We took a short vacation to visit our grandkids in Texas. Now, that's a big state and has 8 parks which are in one of our systems. When you add up all the costs (dues) of our memberships, our costs break down to approximately $2.86 per night (for camping). Of course, the more you camp, the lower the cost per night. When you consider the fact that our camper has all the amenities of home , dishwasher, washer/dryer, microwave convection oven, etc., you begin to realize that our costs were, in fact, dirt cheap! If you can live less expensively than this anywhere else but Mexico, please let us know.

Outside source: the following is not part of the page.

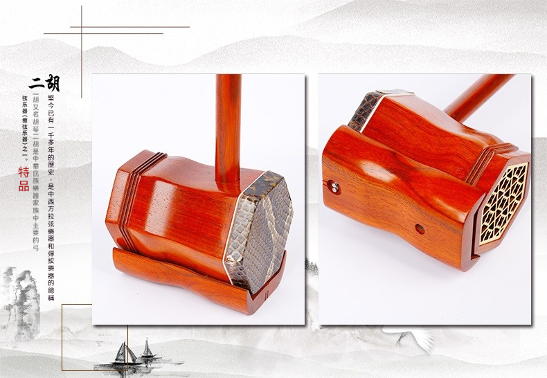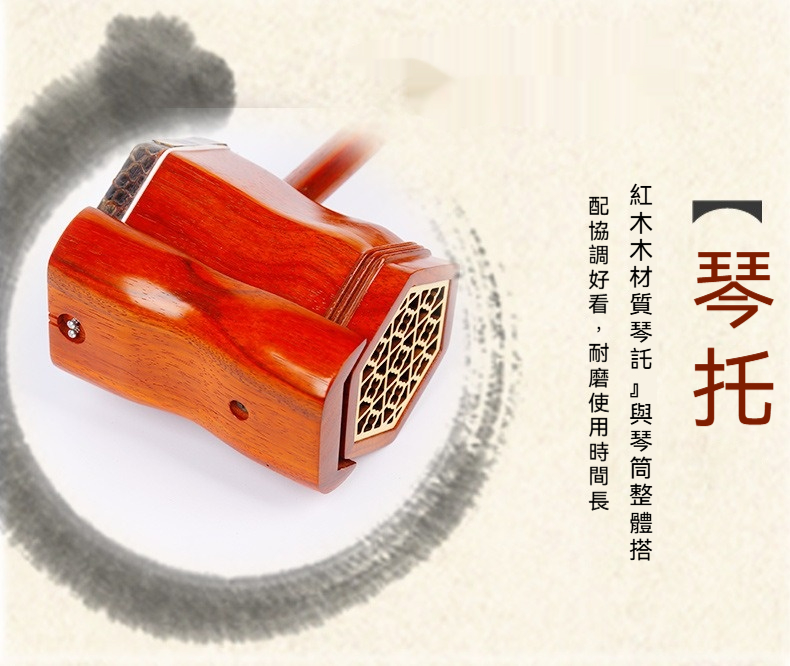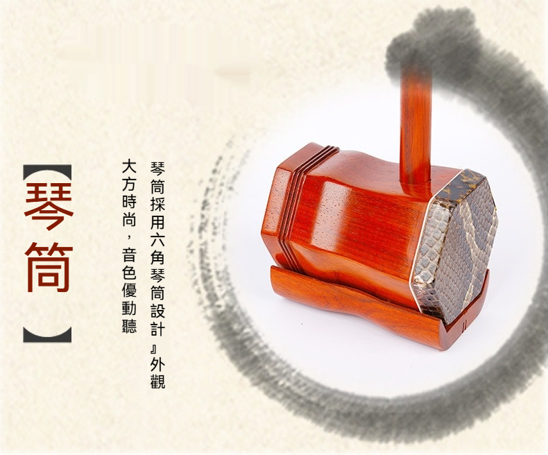 這款精選紅花梨木二胡,以其獨特的甜美音質與亮麗木紋著稱。堅持「素桿」設計,捨棄多餘裝飾,將紅花梨木最原始的細膩質感與優雅色澤完美呈現。

With taxes and the prices of services, products, and everything else spiraling continually upward, living full-time in an RV makes a whole lot of sense. If you still own your house, you're probably spending around $19 per day just for taxes and utilities [NOT counting your phone bill]. Let's see now...$19 minus $2.86 figures out to be $16.14 saved daily by full-timing. Crunch those numbers a bit further...over the period of one year, the savings would be approximately $5891, which would pay for a lot of maintenance, repair, and fuel for whatever rigs you have. Get my drift?

Now, what were our accommodations like? Try this...five nights in a beautifully wooded park, not another RV within view, full hook-ups, paved roads, level sites, pool, lake, recreation facilities, hot water restrooms, 24-hour security, deer knocking on our door for handouts (or is that "hoofouts?). Believe it or not, we actually saw nursing does with their fawns in the open in BROAD daylight! Now, that's a first for us. Or this...three nights on a river with all the above including a terrific fireworks display courtesy of Mother Nature. How about this one? Four nights in a lush green park (my favorite) with everything mentioned above, all within an easy day's drive of the lights and sights of the big city.

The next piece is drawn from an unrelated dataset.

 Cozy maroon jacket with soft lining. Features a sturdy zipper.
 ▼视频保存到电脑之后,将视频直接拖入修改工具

Toss in the satellite dish and we've got all the comforts of home. Why on earth would we want to spend a couple hundred bucks a day at some hotel and have to rent a car on top of it? We're traveling in a membership system and we've got it all.

When we first decided to explore this lifestyle, we were thinking in terms of "Let's go live somewhere else for a while. Keep in mind that we're both still working. In the last four years, we've explored the West coast, Arizona, the highlights of Texas, Tennessee, three Canadian provinces, and a good portion of the country in between. We've done the bike run at Sturgis, SD, spent a summer at Disneyland, and roamed the hill country of Texas. We've toured the Icefields Parkway in the Canadian Rockies, taken the Harley on the Highway to the Sun at Glacier, and assisted starving squirrels in their weight-gain plan the entire length of Highway 101. (Remember folks, squirrels like peanuts, but chipmunks like chocolate chip cookies with nuts.)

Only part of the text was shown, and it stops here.